Department of Computer Science, Norwegian University of Science and Technology (NTNU), 2802, Gjøvik, Norway.
Sci Rep. 2021 Mar 22;11(1):6512. doi: 10.1038/s41598-021-85737-x.
Documentation and analysis of crime scene evidences are of great importance in any forensic investigation. In this paper, we present the potential of hyperspectral imaging (HSI) to detect and analyze the beverage stains on a paper towel. To detect the presence and predict the age of the commonly used drinks in a crime scene, we leveraged the additional information present in the HSI data. We used 12 different beverages and four types of paper hand towel to create the sample stains in the current study. A support vector machine (SVM) is used to achieve the classification, and a convolutional auto-encoder is used to achieve HSI data dimensionality reduction, which helps in easy perception, process, and visualization of the data. The SVM classification model was re-established for a lighter and quicker classification model on the basis of the reduced dimension. We employed volume-gradient-based band selection for the identification of relevant spectral bands in the HSI data. Spectral data recorded at different time intervals up to 72 h is analyzed to trace the spectral changes. The results show the efficacy of the HSI techniques for rapid, non-contact, and non-invasive analysis of beverage stains.

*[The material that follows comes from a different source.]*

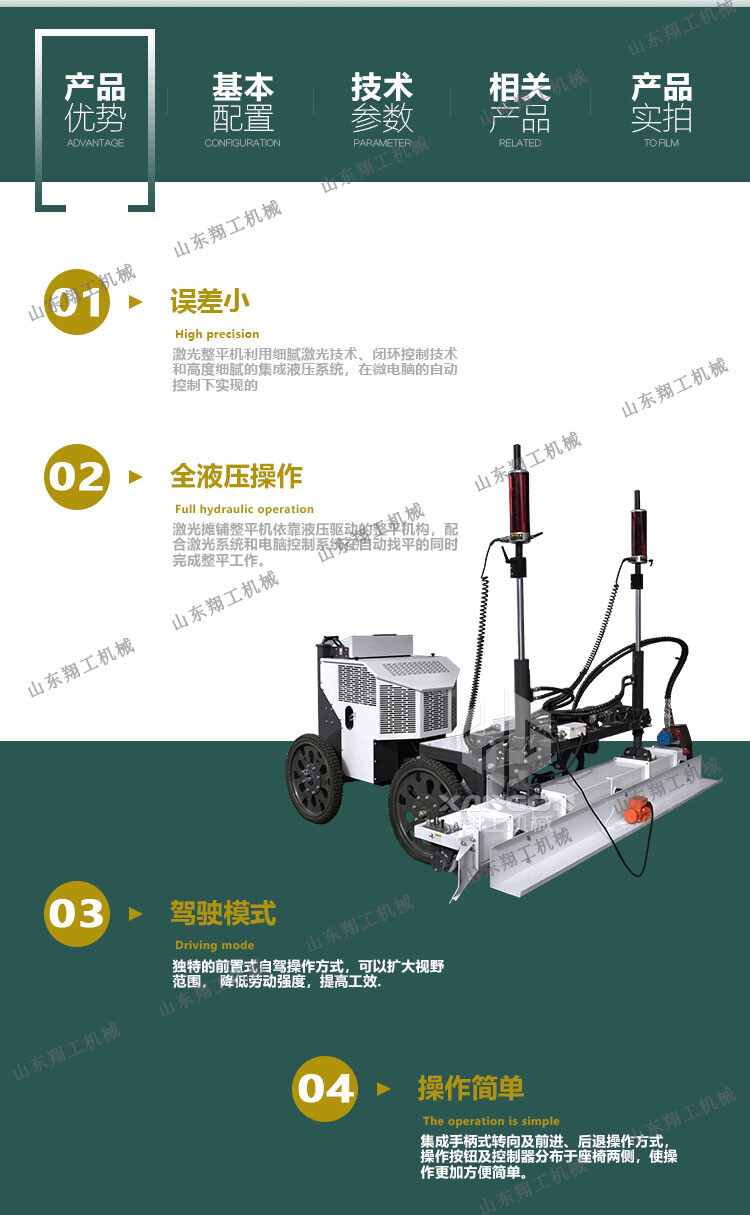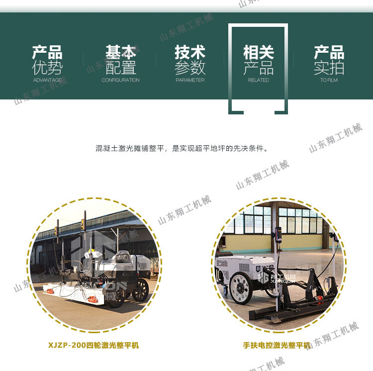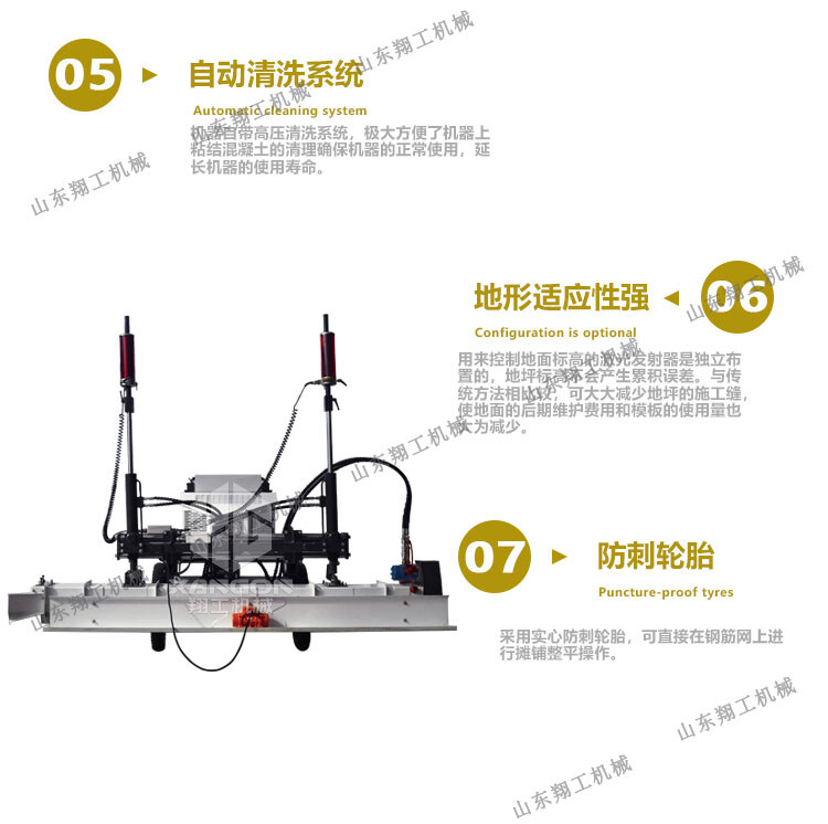 產(chǎn)品概述: 翔工機械精心研制開發(fā)的激光混凝土整平機利用先進的激光發(fā)射接收系統(tǒng)形成的閉環(huán)回路控制整平板尺的工作,精度高,廣泛用于現(xiàn)代工業(yè)廠房、大型購物場所、貨倉及其它大面積混凝土地面施工。

犯罪现场证据的记录和分析在任何法医学调查中都非常重要。在本文中,我们展示了高光谱成像(HSI)在检测和分析纸巾上饮料污渍方面的潜力。为了检测犯罪现场常见饮料的存在并预测其年龄,我们利用了 HSI 数据中存在的附加信息。我们使用了 12 种不同的饮料和 4 种类型的纸巾来制作当前研究中的样本污渍。支持向量机(SVM)用于实现分类,而卷积自动编码器用于实现 HSI 数据降维,这有助于数据的易于感知、处理和可视化。在此基础上,我们使用基于体积梯度的波段选择来识别 HSI 数据中的相关光谱波段。分析了在 72 小时内记录的不同时间间隔的光谱数据,以追踪光谱变化。结果表明,HSI 技术可用于快速、非接触和非侵入性地分析饮料污渍。